Остановимся на некоторых особенностях повествовательной структуры романов Набокова, сопоставив их с характерными типами организации повествования в литературе романтической эпохи. Исследование нарративных моделей набоковских текстов в соотнесении с традицией[353]
служит закономерным продолжением мотивно-тематического анализа. Поскольку затрагиваемые вопросы, безусловно, требуют самого широкого комплексного исследования, представленные ниже наблюдения носят в значительной степени предварительный характер.В кругу нарратологических проблем набоковедения важное место занимает проблема так называемого ненадежного повествователя[354]
. Этот термин может трактоваться прежде всего в узком смысле – как один из элементов персонажной структуры текста, действующее лицо произведения. На этом уровне ненадежные повествователи оказываются «фантазерами, лжецами, обманщиками, безумцами, слову которых нельзя полностью доверять, ибо они стремятся утаить или исказить правду, смешать воображаемое и действительное, чтобы навязать читателю собственную версию происходящего»[355]. Характерными примерами такого рода персонажей служат герои-жизнестроители повести «Соглядатай» (1930), романов «Отчаяние» (1934) и «Лолита» (1954)[356]. В более широком аспекте «ненадежность» повествователя не связана с этико-эстетическим обликом рассказчика-персонажа, а являет собой металитературную категорию, осмысляемую в рамках повествовательной стратегии Набокова, его игровой поэтики, которой присуща трансформация традиционных классических инстанций автора и персонажа, сложное перераспределение их функций[357].Система отношений «автор – повествователь – герой» функционирует у Набокова на разных структурных уровнях текста. На событийном уровне взаимодействие повествовательных категорий образует самостоятельный эстетико-металитературный сюжет произведения, занимающий господствующее положение по отношению к привычно понимаемой сюжетной канве как последовательности событий в жизни героев. Ведь, как тонко заметил П. Тамми, «набоковский нарратив… не иллюстрирует ничего, кроме самого себя»[358]

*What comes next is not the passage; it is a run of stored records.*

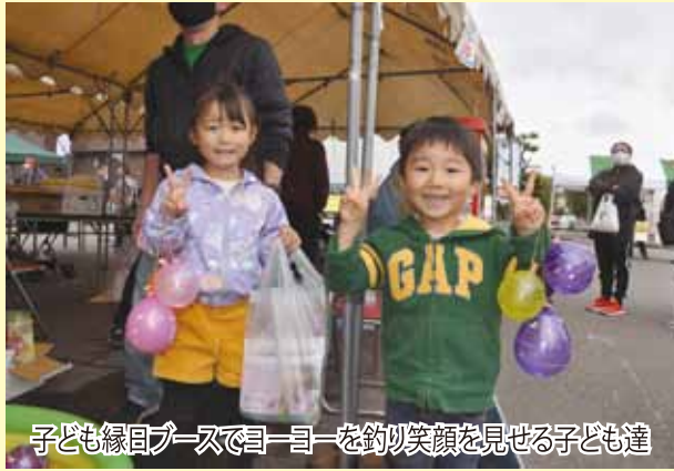
子ども縁日ブースで目ー目ーを釣り笑顔を見せる子ども達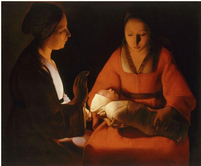
Жорж де ла Тура "Новорожденный"

Классическая строгая терминология поясняется вольным повествованием, основанным на собственном опыте автора, а так же на примерах деятелей искусства, создавших картины с определенными особенностями, о которых говорится в той или иной главе.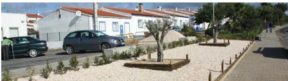
Obras de requalificação na Sardôa (Garvão)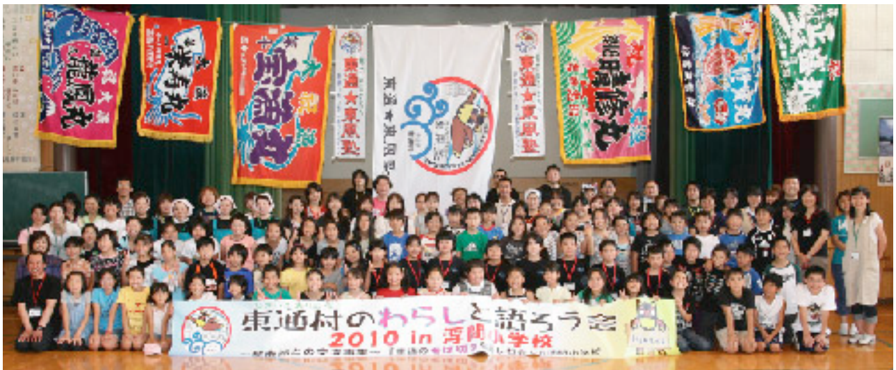
みんな笑顔で東通大好き！

. Зачастую в основу такой металитературной фабулы положена борьба героя (героя-повествователя) с автором, неизбежно заканчивающаяся победой верховной авторской воли и наказанием взбунтовавшегося персонажа (ситуация «Отчаяния», «Лолиты», отчасти «Соглядатая» и «Защиты Лужина»). В других случаях подобным сюжетом может стать процесс своеобразного «взросления» героя до уровня настоящего автора-творца («Машенька», «Приглашение на казнь», «Дар»)[359].Помимо этих ситуаций соперничества или восхождения героя до Автора, выстроенных по вертикальной оси, набоковский дискурс обнаруживает и более сложную суть отношений между элементами нарратива, которые строятся уже по горизонтали. В этом плане показательна повесть «Соглядатай»[360]

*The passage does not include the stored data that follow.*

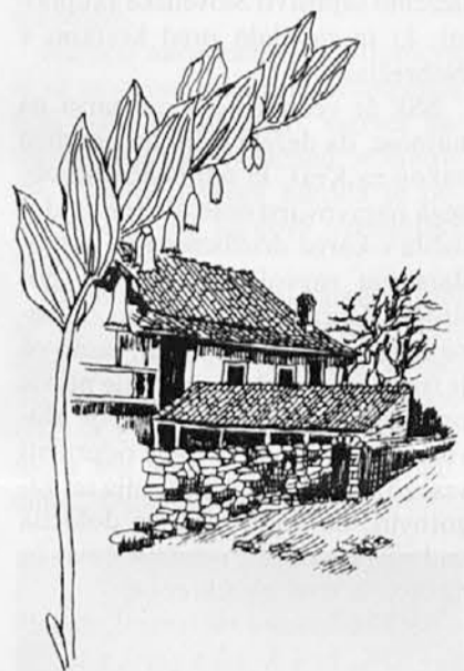
Ilustracija iz Koledarja GMD

Koledar bo ostal trajna dokumentacija našega življenja v zamejstvu in pričevanje o naši dejavnosti za znanost.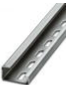
G-profile DIN rail, material: Steel, perforated, height 15 mm, width 32 mm, length 2 m

DIN rail - NS 35/15 CU UNPERF 2000MM - 1201895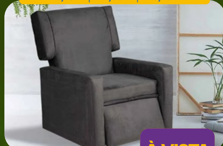
POLTRONA DO PAPAI RECLINÁVEL

, где принципиальное неразличение автора-повествователя и героя (или, иначе говоря, творящего субъекта – «соглядатая» и изображаемого объекта) является и организующим структурным приемом, и вместе с тем двигателем сюжета. Единицами действия становятся нарративные категории как таковые, а текст выступает как демонстрация повествовательных возможностей[361]. Поскольку повествователь и герой оказываются в итоге одним и тем же лицом, две единицы нарратива полностью совмещаются в одной. Но отождествившись со своим создателем, герой лишает его и самого права авторства, что приводит к своеобразному самоустранению авторского голоса в финале – именно в этом смысле можно трактовать признание субъекта речи: «Ведь меня нет, – есть только тысячи зеркал, которые меня отражают. С каждым новым знакомством растет население призраков, похожих на меня. Они где-то живут, где-то множатся. Меня же нет. Но Смуров будет жить долго» (III, 93).Чрезвычайно трудно отделить друг от друга «зоны влияния» автора и героя в романе «Дар»: определяющий его поэтику структурный принцип ленты Мебиуса[362]

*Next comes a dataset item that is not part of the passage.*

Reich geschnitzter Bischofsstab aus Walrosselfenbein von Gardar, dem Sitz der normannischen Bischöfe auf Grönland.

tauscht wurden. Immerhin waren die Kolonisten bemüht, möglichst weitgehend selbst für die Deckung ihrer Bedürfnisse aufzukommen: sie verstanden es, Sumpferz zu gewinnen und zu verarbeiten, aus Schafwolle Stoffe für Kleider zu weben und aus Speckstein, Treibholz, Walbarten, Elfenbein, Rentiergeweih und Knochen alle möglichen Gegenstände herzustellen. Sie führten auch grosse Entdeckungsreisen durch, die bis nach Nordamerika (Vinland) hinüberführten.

как раз подчеркивает особый характер этого взаимодействия. Автор и герой здесь – две ипостаси некоего целостного повествовательного начала, взаимообратимые в цепи бесконечных превращений, в результате которых не только герой способен стать автором, но и автор, в свою очередь, – героем. Подобного рода стратегия, основанная на смешении нарративных инстанций, начинает вырабатываться Набоковым еще в русский период творчества, получая законченное воплощение в американских романах писателя[363].